In addition, perioperative indicators were recorded, including operation time, estimated blood loss, incision length, hospital stay, intraoperative and postoperative complications. Lumbar lordosis and slippage rate were measured by lumbar X-ray preoperatively and 24 months after surgery. Radiographic fusion in MIS-TLIF group was assessed at 24 months by CT. Bridwell grades I-II were defined as fusion; 2 blinded spine surgeons graded the images with adjudication of discrepancies.

Statistical Analysis

Data analysis was performed using SPSS 25.0 statistical software. Continuous variables were first examined for normality using the Shapiro–Wilk test and Q–Q plots. The normally distributed variables were presented as mean ± standard deviation and were compared between groups using independent-samples t-tests, whereas skewed variables (eg, symptom duration) were presented as median (interquartile range) and were compared using the Mann–Whitney U test. Categorical variables were presented as counts (percentages) and were compared using the χ² test.
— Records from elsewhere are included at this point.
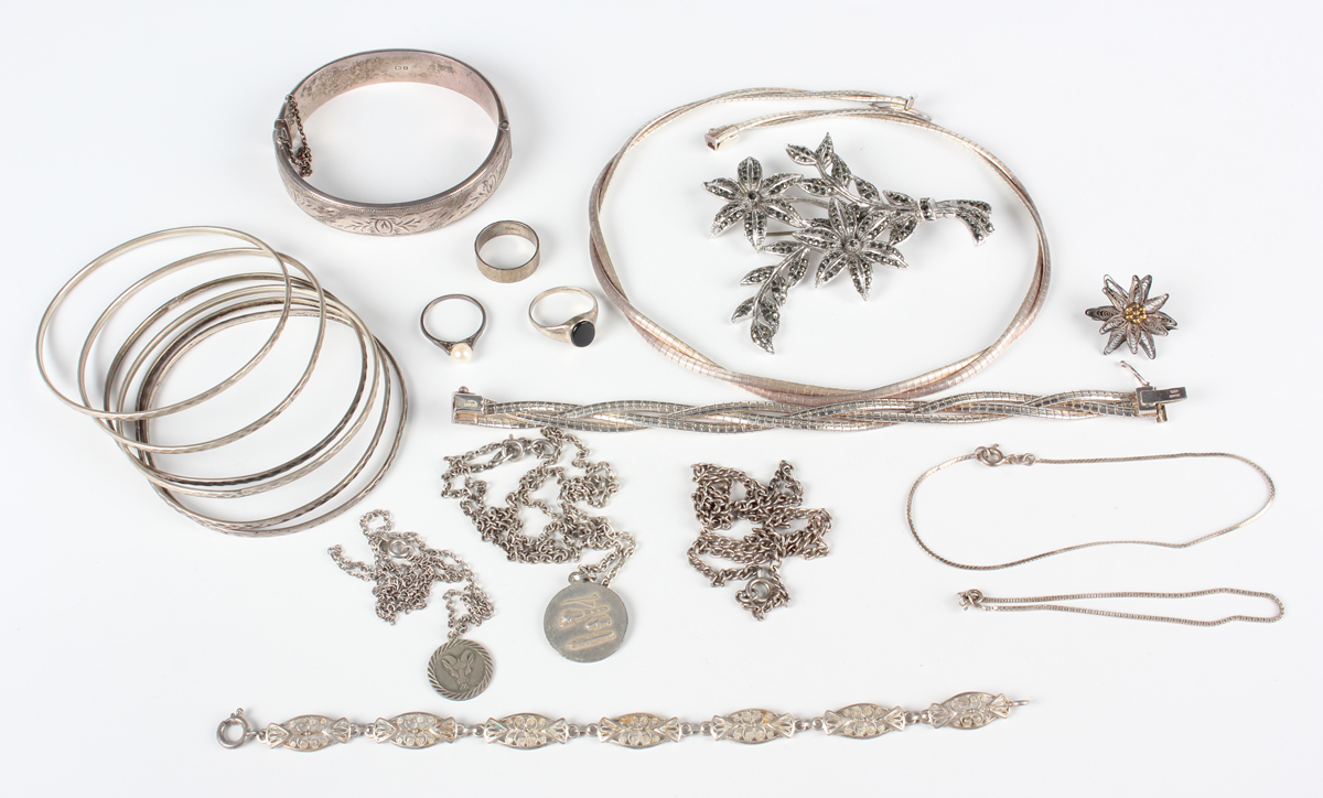 A group of mostly silver jewellery, comprising six matching bangles, an oval hinged bangle, a collar necklace with a matching bracelet, three rings, three bracelets, two pendants with neckchains, another neckchain, a marcasite brooch and a filigree brooch.
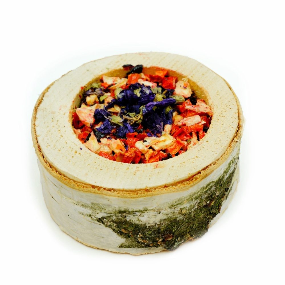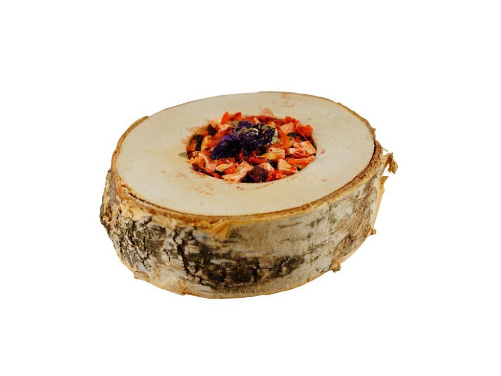 Směs chutné zeleniny v plátku z březového dřeva podnítí vaše zvíře k aktivitě. Tato „pizza“ se zeleninou je vhodná zejména pro králíky, morčata, činčily, osmáky, ale také křečky, potkany, myši a další hlodavce.
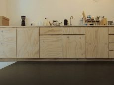 Fronten Sperrholz „Seekiefer“, weiß geölt.

For repeated measures (ODI and VAS), preliminary comparisons of unadjusted means between groups were performed using two-way repeated-measures ANOVA, and within-group pre- and post-operative changes were assessed using paired t-tests. The primary longitudinal analyses of between-group differences were then conducted using a Mixed-Effects Model for Repeated Measures (MMRM). Fixed effects included group, time, and their group-by-time interaction. A random intercept for each patient was specified to account for within-subject correlation. The age, sex, BMI, symptom duration, baseline ODI, and lumbar lordosis entered as covariates, which were chosen a priori based on clinical judgment and observed baseline imbalances. An unstructured covariance matrix and restricted maximum likelihood estimation were used. Model assumptions were assessed by visual inspection of residual Q–Q plots to check normality and residual-versus-fitted plots to check homoscedasticity and linearity. The primary effect size was expressed as the adjusted mean difference between groups defined as AUSS-ULBD minus MIS-TLIF, together with 95% confidence intervals (CI).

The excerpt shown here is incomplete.